TASK REQUIREMENTS |
Set down, word for word, only the lines from the start of the records through the line bearing "40 cm:n tukeva"; include no pictures.

(Records excerpted from a collection)
--

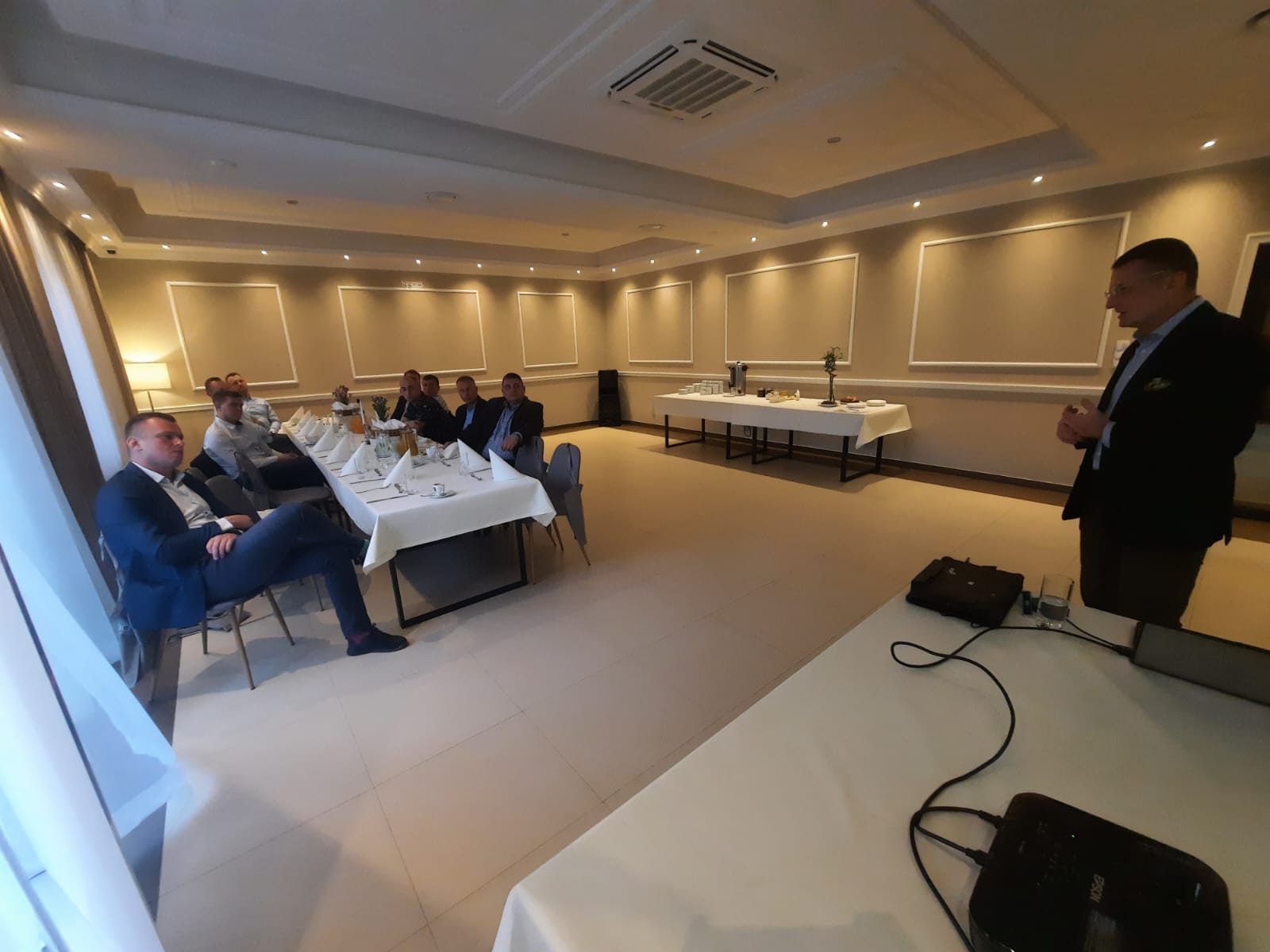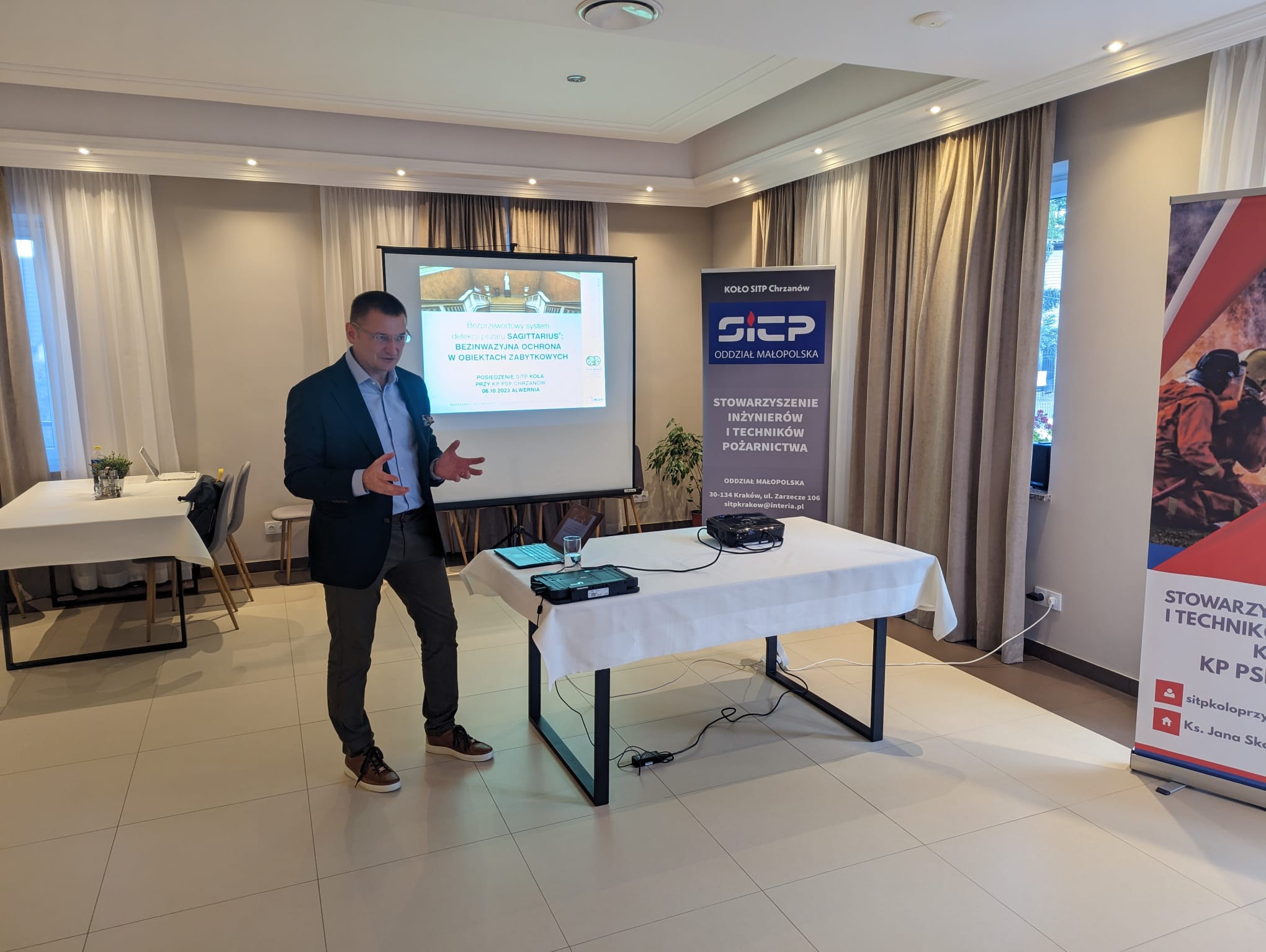 Posiedzenie zaszczycił swoją obecnością p. Arkadiusz Waligóra z firmy CREATIO INDUSTRY, który w części merytorycznej spotkania omówił zagadnienie dotyczące „Systemu sygnalizacji pożaru w obiektach zabytkowych”.
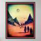 Eine Fantasie. Zwei Monde, schwarzer Rock, sechs Wanderer.
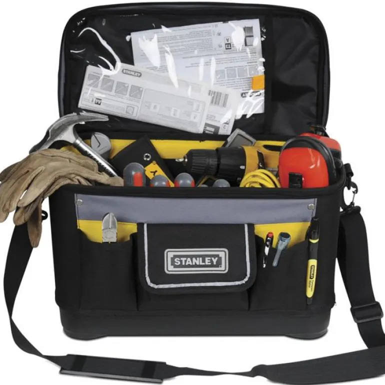 40 cm:n tukeva ja kestävä työkalulaukku, jossa on suljettavat etutaskut pienten osien ja henkilökohtaisten tavaroiden turvalliseen säilytykseen. Säädettävä olkahihna työkalujen vaivattomaan kuljetukseen. Useita sisä- ja ulkotaskuja, joiden ansiosta työkalut pysyvät hyvässä järjestyksessä. Erillinen läpinäkyvä asiakirjalokero auttaa pitämään asiakirjat ja henkilökohtaiset tavarat puhtaana ja suojassa. Tukeva vahvistettu muovipohja suojaa kosteudelta. Vahvistetut kulmat viimeistelevät tukevan muotoilun.
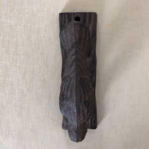 New, rustic finished metal with brown finish, requires 2 screws, not included. Magnet sticks to it so I’m guessing iron? 6” long.
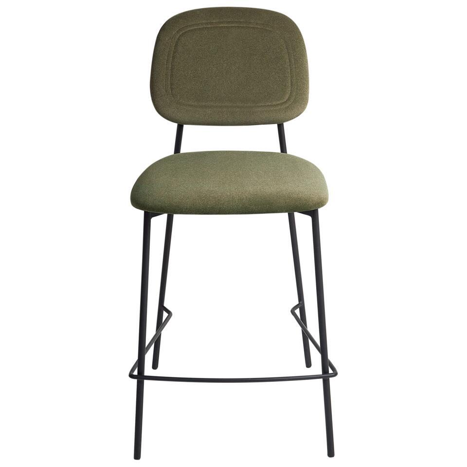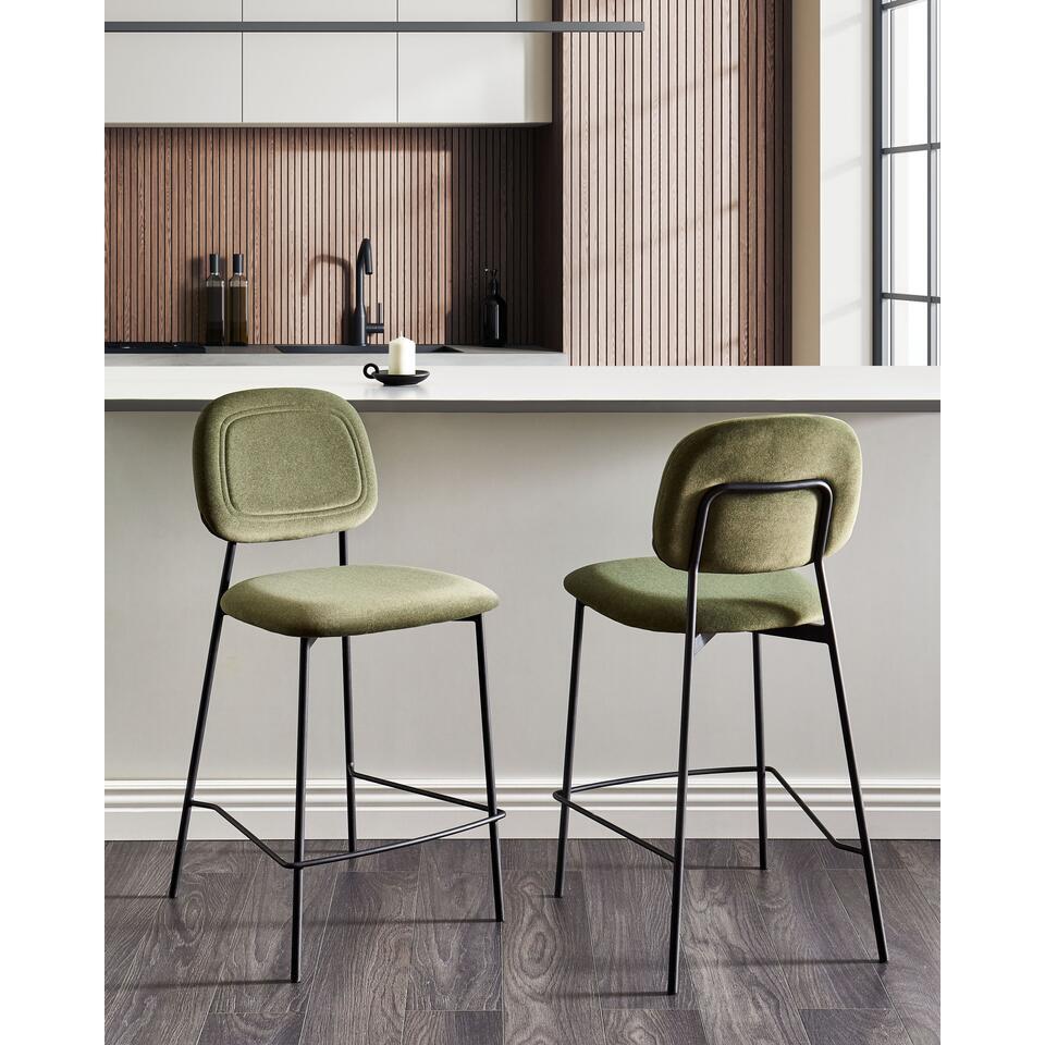 Lot de 2 tabourets de bar rembourrés. Ce tabouret de bar élégant apporte une touche de fraîcheur et de modernité à votre espace. Avec son doux revêtement en velours vert olive et ses solides pieds noirs, il apporte à la fois confort et style contemporain à votre intérieur. Parfait pour ajouter une option d'assise chic à votre bar de petit-déjeuner ou à votre îlot de cuisine.
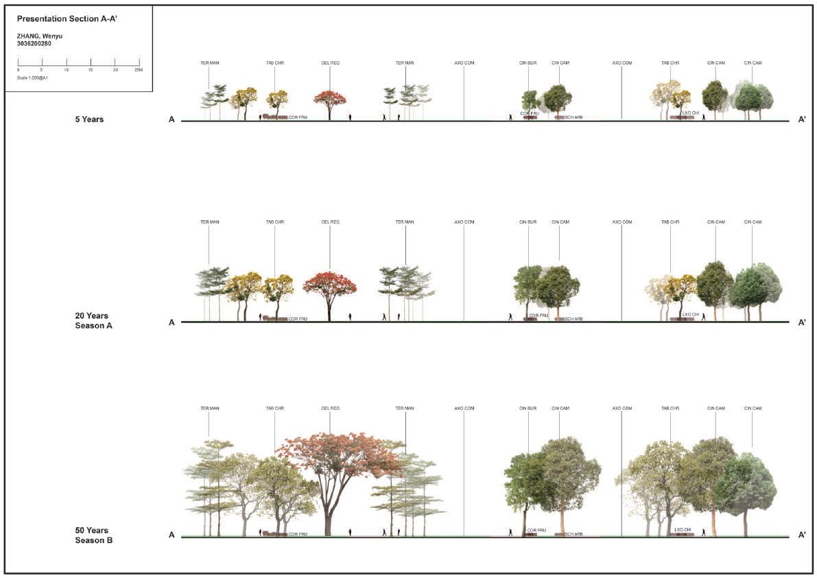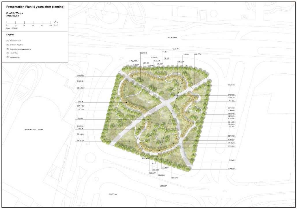 The site is located at the intersection of my university campus and a residential community, separated by Wushan Road. I found that the main problem is the lack of access to public facilities for external residents and the unmet requirements of students on campus for study and recreation. I divided the site into open, semi-open and private areas and replaced the original fencing with soft separation such as trees, lawns and shrubs. The project will allow students to study and socialise and meet the requirements of off-campus residents who require green space. The design will focus on the site's potential at the intersection to provide a new infrastructure for multiple stak eholders.
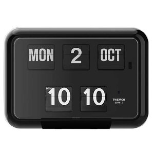 とても見やすいTWEMCOのクォーツ式置き掛け兼用時計です。 黒い表示板に白い文字と黒い本体ケースのコントラストが爽やかでスタイリッシュ! アナログ式の時計と曜日、日付、月の文字が整然と配置され、とても使い易くシンプルなデザイ
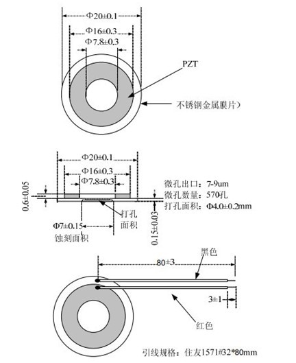 微孔霧化片的工作原理.由于微孔霧化片的頻率和工作電壓都是比較小的,所以它不用放在水里工作,它是噴霧工作是通過中間的微孔噴出來,先把海綿吸棒固定在容器里,在通過設(shè)計把霧化片中間孔徑固定在海綿吸棒上.在通過電流工作(因為微孔霧化片的頻率和電壓功率低,所以不用擔(dān)心會出現(xiàn)燒壞霧化片的問題)把水通過海綿吸棒吸上來.在從中間孔徑噴灑出去.改善房間空氣質(zhì)量,減少干燥保護身心健康.常用的規(guī)格有16mm、18mm、20mm等,常用頻率110khz-160khz之間都可以產(chǎn)生.
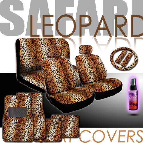 For Sale New 16 Pieces Safari Leopard Print Low Back Front Car Seat Covers, Rear Bench Cover, Seat Belt Covers, Steering Wheel Cover, 4 Pieces Carpet Floor Mats and a 2 oz Purple Slice Car Wash Free Detailer/Multipurpose Cleaner
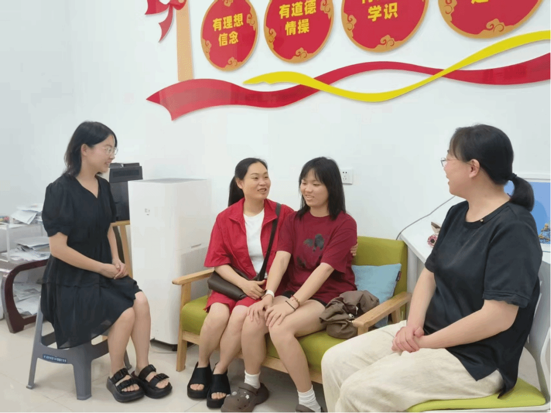 李静宇、22级辅导员马晓雪走访留校备考的小张同学,与专程从外地赶来的家长围坐座谈。老师们详细向家长介绍了小张同学在校期间的学习成绩、社会实践表现及综合素质发展情况,对其勤奋刻苦的学习态度和积极向上的精神面貌给予充分肯定。当提及她与双胞胎姐姐约定报考南京地区高校研究生的目标时,李静宇鼓励道“暑期是备考黄金期,要合理规划节奏,遇到难题随时找我们”。马晓雪还从复习方法、心理调适等方面给出具体建议,家校携手许下“助力姐妹俩金榜题名”的约定。

--

ANSWER SECTION |
 Posiedzenie zaszczycił swoją obecnością p. Arkadiusz Waligóra z firmy CREATIO INDUSTRY, który w części merytorycznej spotkania omówił zagadnienie dotyczące „Systemu sygnalizacji pożaru w obiektach zabytkowych”.
 Eine Fantasie. Zwei Monde, schwarzer Rock, sechs Wanderer.
 40 cm:n tukeva ja kestävä työkalulaukku, jossa on suljettavat etutaskut pienten osien ja henkilökohtaisten tavaroiden turvalliseen säilytykseen. Säädettävä olkahihna työkalujen vaivattomaan kuljetukseen. Useita sisä- ja ulkotaskuja, joiden ansiosta työkalut pysyvät hyvässä järjestyksessä. Erillinen läpinäkyvä asiakirjalokero auttaa pitämään asiakirjat ja henkilökohtaiset tavarat puhtaana ja suojassa. Tukeva vahvistettu muovipohja suojaa kosteudelta. Vahvistetut kulmat viimeistelevät tukevan muotoilun.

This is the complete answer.